Lorre also created his trademark with the unique vanity cards of ‘Chuck Lorre Productions’ that usually come up at the end of each episode of his productions. It all started with ‘Dharma & Greg.’ The cards carry a different message of a few seconds, each time they appear. He has uploaded the cards on his website too.
In March 2012, he was inducted into the ‘Television Academy Hall of Fame.’ On October 16 that year, he published a coffee-table book, titled ‘What Doesn't Kill Us Makes Us Bitter,’ which was a compilation of his unique vanity cards.
He co-creates, writes, and produces the ongoing American TV series ‘Mom’ (2013–present) and ‘Young Sheldon’ (2017–present). The premiere of his 2017 series ‘Disjointed’ showed a standard production logo instead of his trademark vanity card, for the first time since the premier of ‘Dharma & Greg.’

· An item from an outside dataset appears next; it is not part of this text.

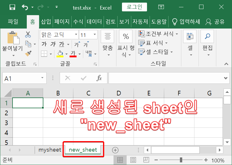 생성된 test.xlsx파일에서 sheet가 새로 생성됨을 확인할 수 있습니다.
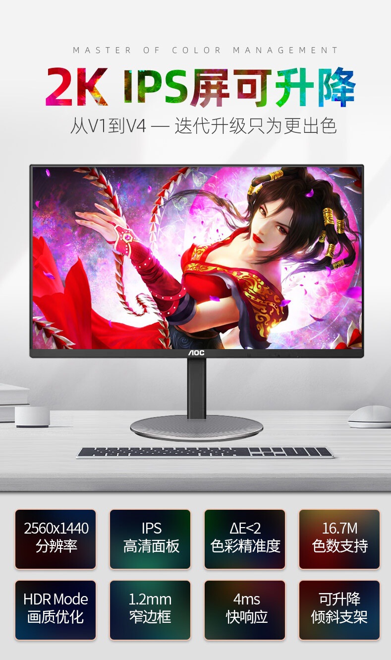 TPV (AOC) 2K HD 27 "디스플레이 IPS 넓은 시야각 75Hz 슬림 외관 섹션에 적용 가능스토어 가기

He is the creator of the forthcoming American web-comedy series ‘The Kominsky Method,’ which will premiere on ‘Netflix.’ It has renowned actor Michael Douglas in a starring role. Douglas is also the executive producer of the show, along with Lorre.
Personal Life & Legacy
Lorre was married to Paula Smith from 1979 to 1992. He had two children with her.
In May 2001, he married actor and former ‘Playboy Playmate’ Karen Witter. They divorced in July 2010.
Since August 2017, he is engaged to behavioural health specialist Arielle Mandelson. Lorre is a recovering alcoholic and is quite candid about it.